Fifth grade students rule the stock market


Judging from the money they've made in this volatile market, members of the stock club at Westborough Middle School in South San Francisco may be more savvy than real life traders... and they're only in the fifth grade.

The club has won so many student stock market competitions over the years, there's not enough room on the classroom walls for all the plaques. This year, the club will undoubtedly win again.

With make-believe seed money of $100,000, these young capitalists made a profit of $50,000 in just 12 weeks.

"My favorites are the really small companies, cause they tend to shoot up and down so you either make a lot of money or lose a lot of money," says Nolan Isozaki.

"We just looked up the biggest gainers and we risked a lot," says Nicholas Cheng.

That included selling short -- the risky practice of making money from stocks when they drop in value.

"We did some short-selling, like if we thought if one stock was really high and thought it was maybe going to come down, something like that," says Mohanad Alazzeh.

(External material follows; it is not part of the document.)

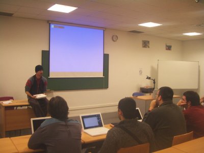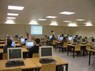 Me vinieron a buscar a la estación Gloria e Ignacio Gil. Dejamos la maleta y nos fuimos a la iparty. El centro de “operaciones base” estaba en el pabellón Polideportivo (foto de la izquierda). Los talleres se celebraron en una de las aulas de informática de la facultad de Ciencias Humanas y Sociales.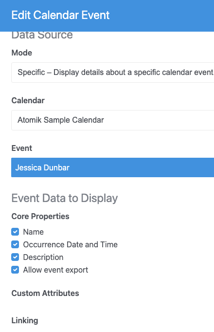 When I try to add the calendar, I get the error “You must choose a valid calendar event attribute to store the event within.” The “Calendar Event Attribute” drop-down does not have any values in it. I have created some Calendar Event Attributes using the Dashboard→Calendar & Events→Attributes, but these do not show up in the list.

The young traders even made money from the March collapse of Bear Stearns. They bought the investment bank's stock when it plummeted to five dollars then sold it at eight when they got wind of the buyout.

"It actually went up to $12, so we still made money, but we could have made a little more," says Omar Bakir.

"They really get into it. They really get involved," says advisor Steve Patane.

Patane started the club 14 years ago to get students interested in math, but he never thought they'd have this much fun.

"Oh, these kids are funny. They'll jump for joy when they're making money, but all of sudden it will tick down a dime or so, and they're having a panic attack," says Patane.

The trading may be make-believe, but the kids take it seriously. They spend time researching their picks.

"You don't just buy some random stock that's going up. You have to look at what they're doing and what their company is about," says Nicholas Cheng.

"If you walk into say a Costco or something, and you see all these products, that tells you that world round they're pretty big, and the big companies, it takes more than one thing to make them fall," says Mohanad Alazzeh.

In competitions, their goal is to make as much money in 12 weeks, so they take big risks. But they have different advice for you and me.

Vic Lee: "Do you think you ought to be safer and more conservative in your stocks?" (All raise their hands)

And what were some of their favorite stock picks?

"I think the blue chips are the best, such as Disney," says Mohanad Alazzeh.

"I would say Microsoft and Yahoo," says Omar Bakir.

"GE cause it makes all our appliances and we need them," says Jason Leung.

The best advice the kids can give you in this up and down market is don't panic. A stuffed animal that sits atop their computer is a constant reminder to them that a bear can always turn into a bull.